While ad agencies’ use of trackers has enabled services to provide access to users free of charge, there is also a certain degree of “creepiness” in the way the current ecosystem works that has also been highlighted in the US congress [12]. Recent work [5] has even shown that government agencies can easily exploit trackers to spy on people. Privacy concerns have led to the creation of client side applications that block trackers and ads. For example, AdBlock [1] blocks trackers by filtering requests through a set of crowdsourced rules. Unfortunately, such lists are mostly opaque: there is no straight forward way to understand why a tracker was added to the list or to get a sense as to how trackers work on an individual or group basis, and users can be left out in the cold as evidenced by the recent sale of AdBlock to an undisclosed buyer who immediately enabled opting in to the “Acceptable Ads” program [14].

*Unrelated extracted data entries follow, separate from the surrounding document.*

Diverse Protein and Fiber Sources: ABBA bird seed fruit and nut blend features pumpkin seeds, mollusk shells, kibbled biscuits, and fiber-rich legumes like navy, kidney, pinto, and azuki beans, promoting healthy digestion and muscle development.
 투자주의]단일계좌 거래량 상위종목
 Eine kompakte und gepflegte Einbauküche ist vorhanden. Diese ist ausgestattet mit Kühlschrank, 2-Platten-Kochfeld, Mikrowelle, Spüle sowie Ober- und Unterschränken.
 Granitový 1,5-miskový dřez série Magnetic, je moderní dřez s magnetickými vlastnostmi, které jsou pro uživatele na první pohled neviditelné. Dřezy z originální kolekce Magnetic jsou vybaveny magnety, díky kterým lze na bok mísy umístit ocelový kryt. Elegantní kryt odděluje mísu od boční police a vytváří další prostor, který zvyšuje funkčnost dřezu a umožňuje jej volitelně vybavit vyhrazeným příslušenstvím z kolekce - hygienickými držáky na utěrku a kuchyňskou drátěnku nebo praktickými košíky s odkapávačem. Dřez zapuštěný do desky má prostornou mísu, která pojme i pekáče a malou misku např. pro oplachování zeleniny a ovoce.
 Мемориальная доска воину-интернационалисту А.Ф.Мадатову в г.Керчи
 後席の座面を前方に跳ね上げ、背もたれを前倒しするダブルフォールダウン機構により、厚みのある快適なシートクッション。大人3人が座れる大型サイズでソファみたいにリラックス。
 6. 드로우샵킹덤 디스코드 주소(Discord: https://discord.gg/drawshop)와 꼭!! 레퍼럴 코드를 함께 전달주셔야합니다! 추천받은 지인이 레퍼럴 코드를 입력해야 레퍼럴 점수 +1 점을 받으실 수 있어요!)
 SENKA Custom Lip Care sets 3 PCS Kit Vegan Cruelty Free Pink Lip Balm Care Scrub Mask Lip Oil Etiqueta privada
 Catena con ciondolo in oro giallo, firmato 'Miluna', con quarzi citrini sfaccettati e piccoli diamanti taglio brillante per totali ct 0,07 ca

In the research community, several strategies for detecting and defending against trackers have been introduced [7, 10, 13]. Overall, these works focus on understanding the methods that trackers use in order to define techniques for obfuscating a user’s browsing behavior. However, these previous works are generally focused on lower level intricacies, e.g., how trackers fingerprint users or ensure that cookies persist even after users clean them.

In this paper, we take a different approach and attempt to characterize some more fundamental aspects of trackers. Our rationale is that user requests, e.g., accessing google.com, and requests to trackers, e.g., 3rd party request to doubleclick.net, can be represented as a bipartite graph from which we can derive unique tracker properties, allowing for the optimization and automation of the tracker detection problem.

This work makes several contributions.

  1. 1.

    We model user browsing as a 2-mode graph using 6 months (November 2014–April 2015) of traffic logs from an explicit web proxy. By analyzing this graph, we discover that trackers are very well connected: 94 % appear in the largest connected component of the graph.

  2. 2.

    We explore the communities trackers form by inducing a 1-mode projection of the 2-mode browsing graph. We find that trackers form very well-defined communities that distinguish them from regular URLs.

  3. 3.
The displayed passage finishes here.